START DATA PROVIDED

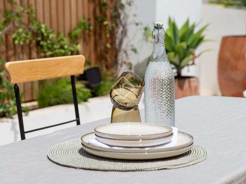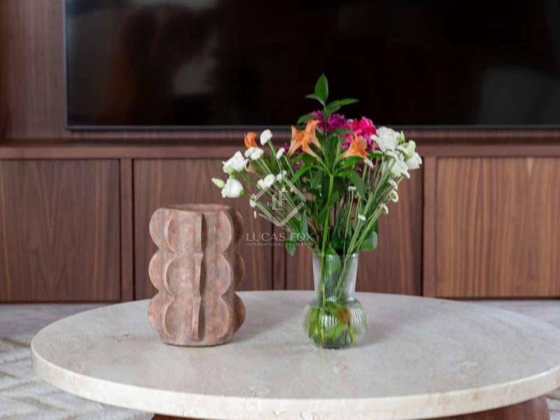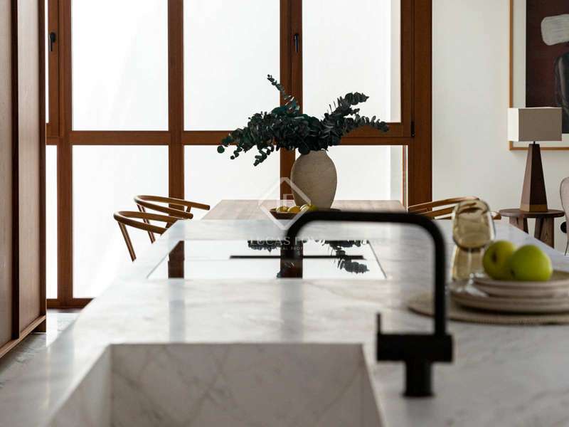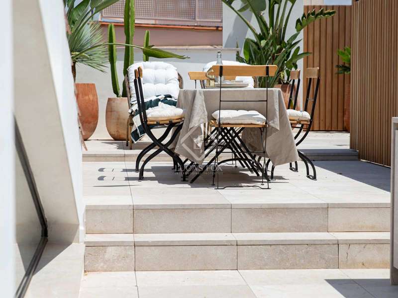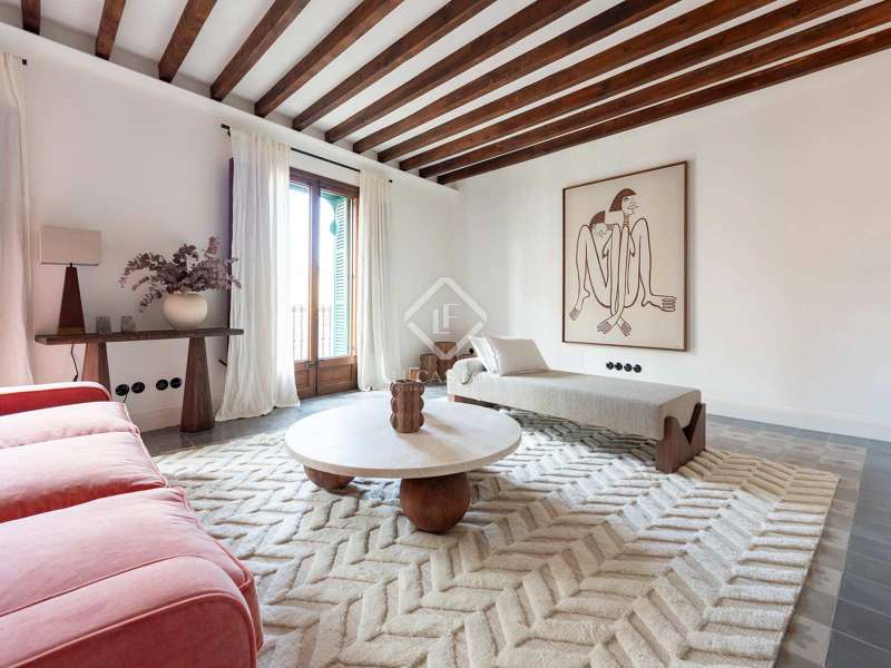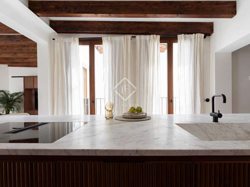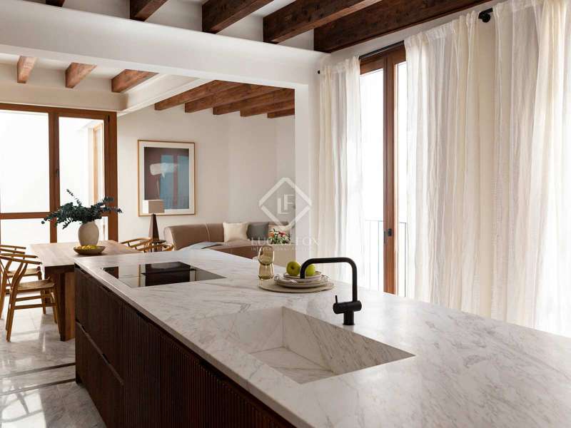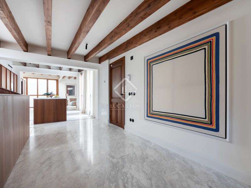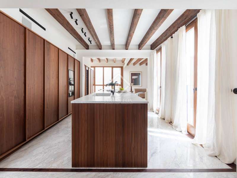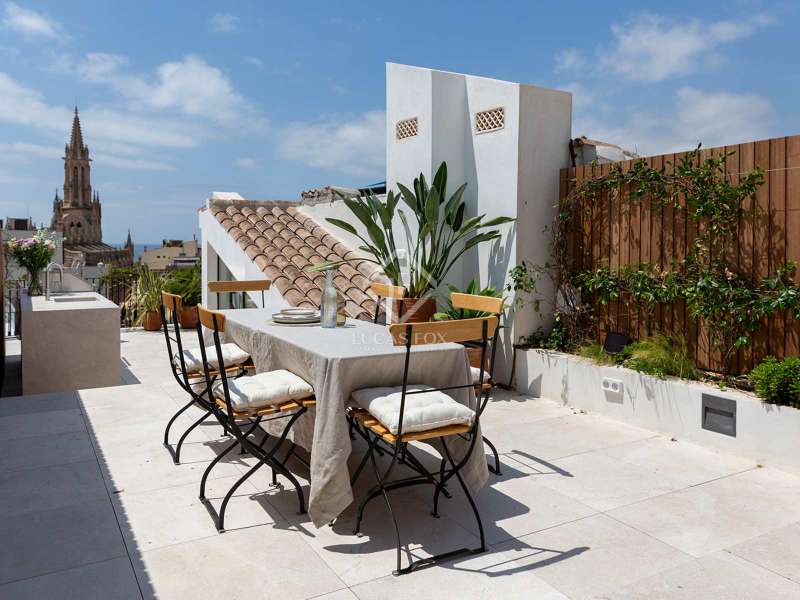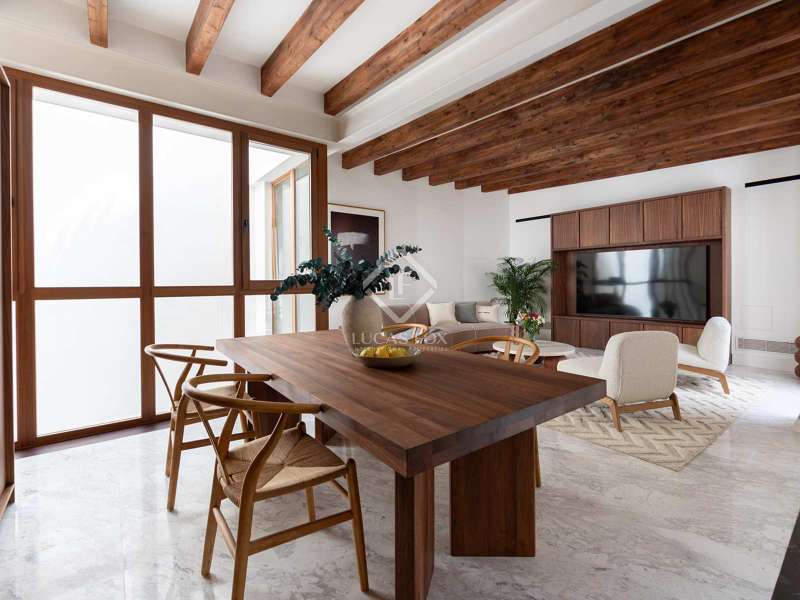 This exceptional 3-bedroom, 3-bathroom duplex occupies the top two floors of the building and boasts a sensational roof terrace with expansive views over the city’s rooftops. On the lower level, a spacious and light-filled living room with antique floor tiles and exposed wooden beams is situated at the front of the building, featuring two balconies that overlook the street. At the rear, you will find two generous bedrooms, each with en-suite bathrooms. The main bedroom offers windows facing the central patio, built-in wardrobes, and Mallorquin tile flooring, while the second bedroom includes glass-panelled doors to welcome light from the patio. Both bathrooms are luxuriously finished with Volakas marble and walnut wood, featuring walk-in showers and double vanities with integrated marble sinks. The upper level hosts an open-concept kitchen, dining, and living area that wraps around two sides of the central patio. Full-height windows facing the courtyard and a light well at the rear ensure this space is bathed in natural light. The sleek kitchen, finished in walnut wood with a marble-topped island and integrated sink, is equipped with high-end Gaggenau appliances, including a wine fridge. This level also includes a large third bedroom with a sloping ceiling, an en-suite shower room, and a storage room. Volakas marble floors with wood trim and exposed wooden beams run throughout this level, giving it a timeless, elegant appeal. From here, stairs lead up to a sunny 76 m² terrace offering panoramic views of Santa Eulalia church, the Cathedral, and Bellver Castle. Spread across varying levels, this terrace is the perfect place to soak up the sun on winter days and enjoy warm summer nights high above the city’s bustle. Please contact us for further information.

END DATA PROVIDED
START DATA PROVIDED

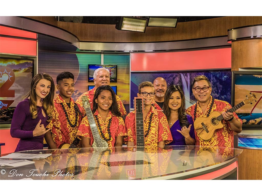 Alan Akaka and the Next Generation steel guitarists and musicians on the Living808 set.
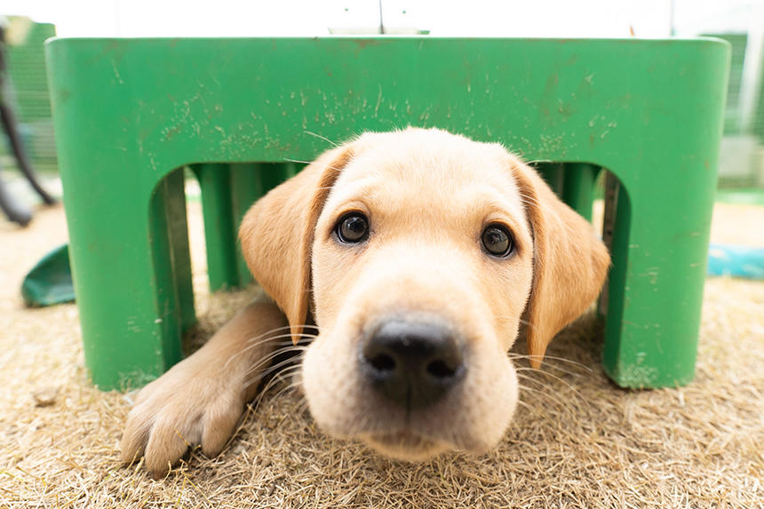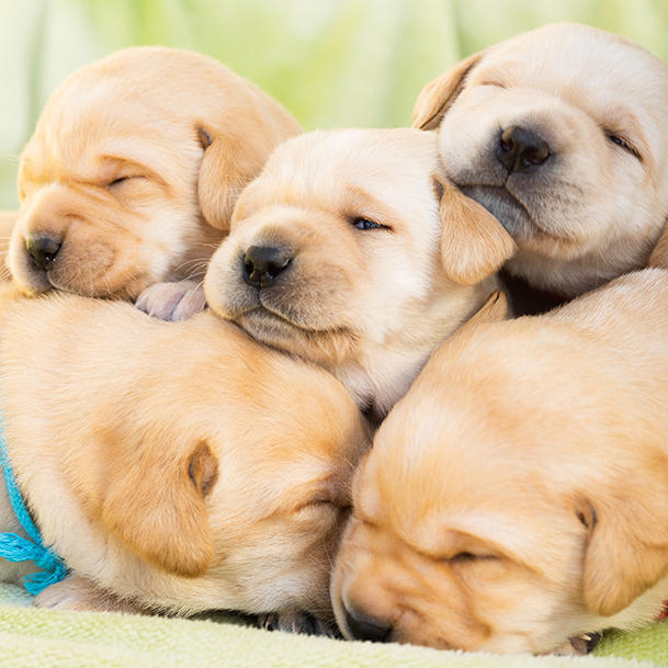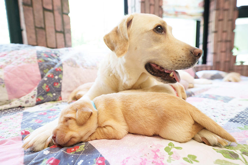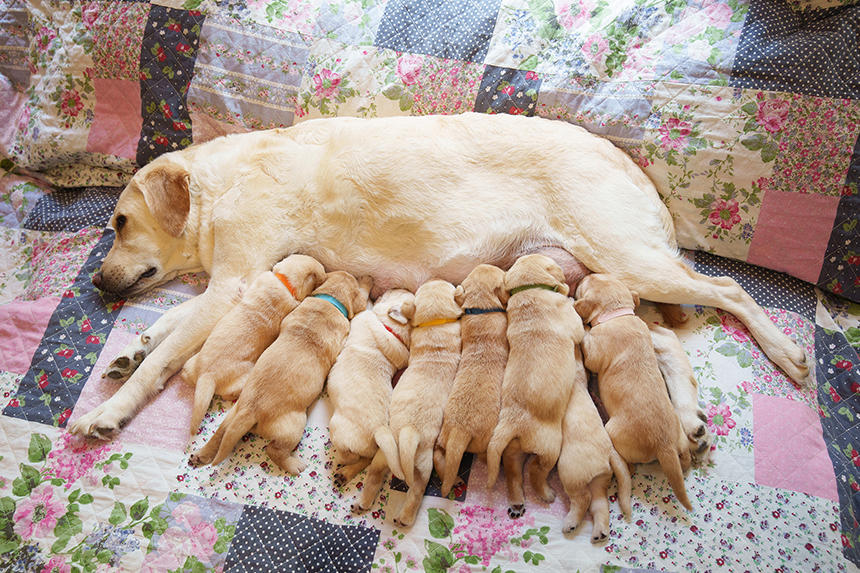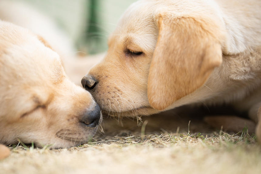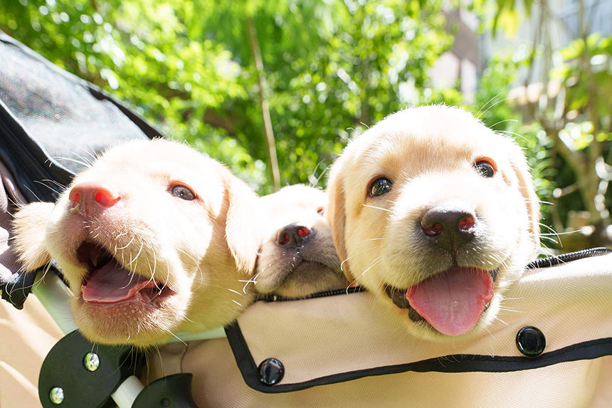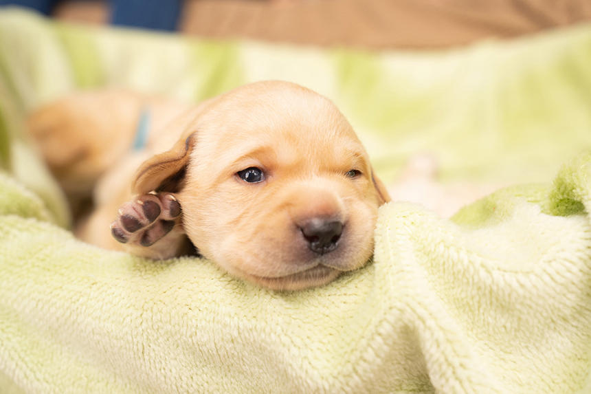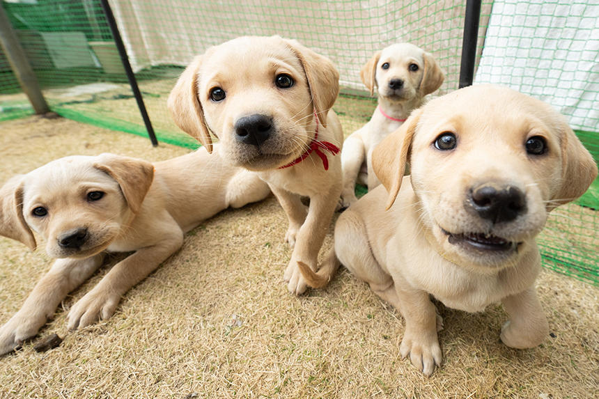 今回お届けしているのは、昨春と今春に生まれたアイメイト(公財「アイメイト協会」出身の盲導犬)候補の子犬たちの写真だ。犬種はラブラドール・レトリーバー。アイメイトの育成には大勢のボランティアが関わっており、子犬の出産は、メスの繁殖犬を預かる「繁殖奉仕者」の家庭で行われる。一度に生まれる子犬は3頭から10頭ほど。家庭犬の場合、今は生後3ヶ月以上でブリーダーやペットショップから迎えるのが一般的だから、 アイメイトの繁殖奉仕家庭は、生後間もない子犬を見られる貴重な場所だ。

END DATA PROVIDED
START DATA PROVIDED

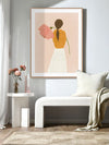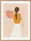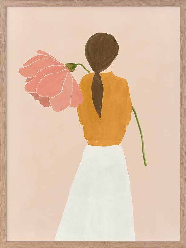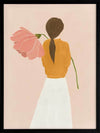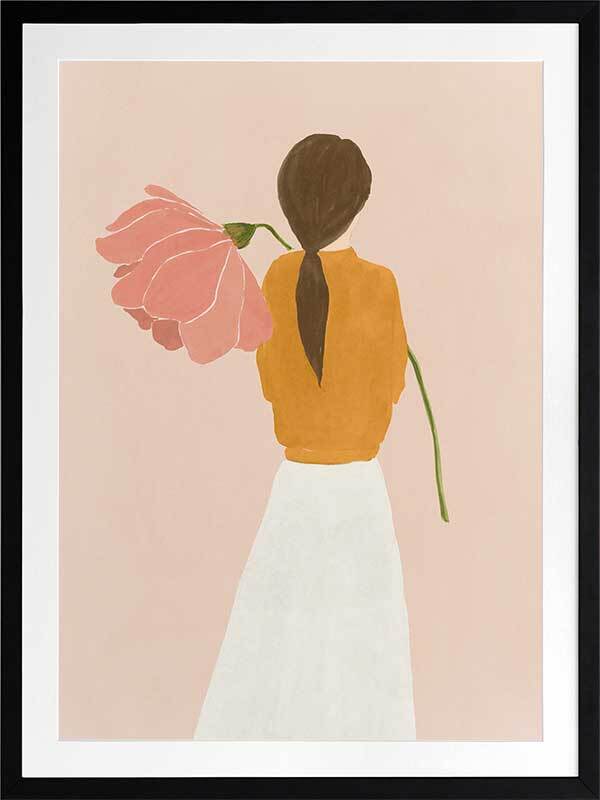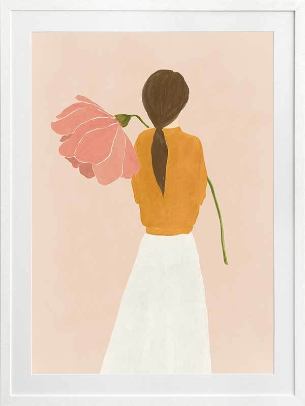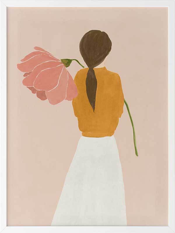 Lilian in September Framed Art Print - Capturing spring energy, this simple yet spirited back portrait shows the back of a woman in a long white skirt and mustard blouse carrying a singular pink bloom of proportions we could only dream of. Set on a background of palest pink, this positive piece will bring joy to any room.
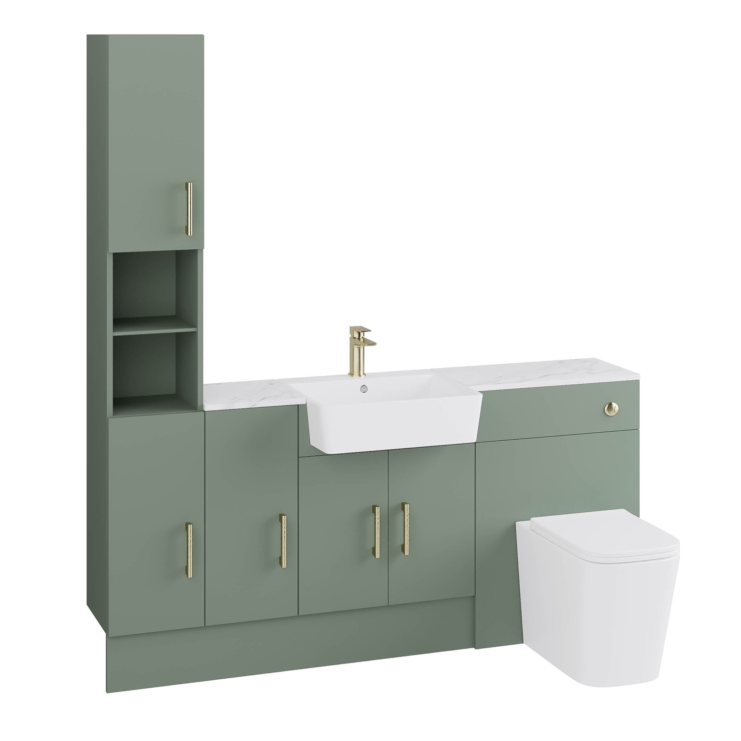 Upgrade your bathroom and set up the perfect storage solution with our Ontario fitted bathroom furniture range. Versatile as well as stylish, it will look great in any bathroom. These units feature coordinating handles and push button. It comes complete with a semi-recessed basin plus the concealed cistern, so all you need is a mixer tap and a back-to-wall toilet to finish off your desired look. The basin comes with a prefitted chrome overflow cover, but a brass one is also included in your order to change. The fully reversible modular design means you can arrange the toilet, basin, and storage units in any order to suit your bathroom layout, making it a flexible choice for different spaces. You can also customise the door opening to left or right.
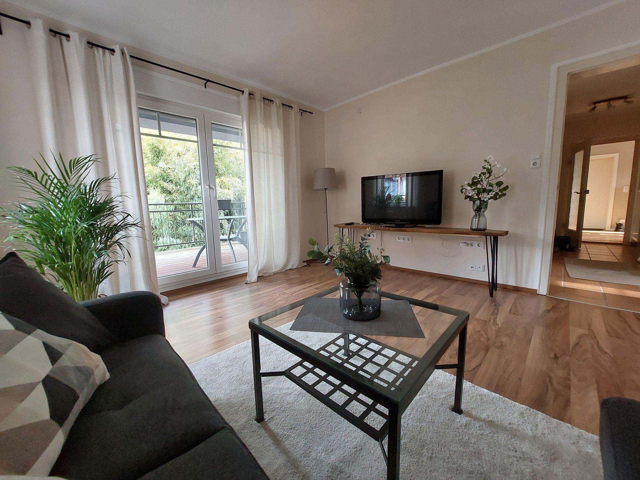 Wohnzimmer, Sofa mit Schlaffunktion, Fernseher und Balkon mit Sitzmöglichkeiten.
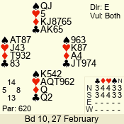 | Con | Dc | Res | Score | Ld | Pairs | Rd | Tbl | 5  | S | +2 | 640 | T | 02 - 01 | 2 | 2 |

END DATA PROVIDED

■ **WORK TASK**: Print, exactly and with no pictures, the lines of the listing above starting at the one that has "Wohnzimmer, Sofa mit" and ending at the one that has "02 - 01 | 2 | 2 |", both included.

■ **TASK RESULT**:
 Wohnzimmer, Sofa mit Schlaffunktion, Fernseher und Balkon mit Sitzmöglichkeiten.
 | Con | Dc | Res | Score | Ld | Pairs | Rd | Tbl | 5  | S | +2 | 640 | T | 02 - 01 | 2 | 2 |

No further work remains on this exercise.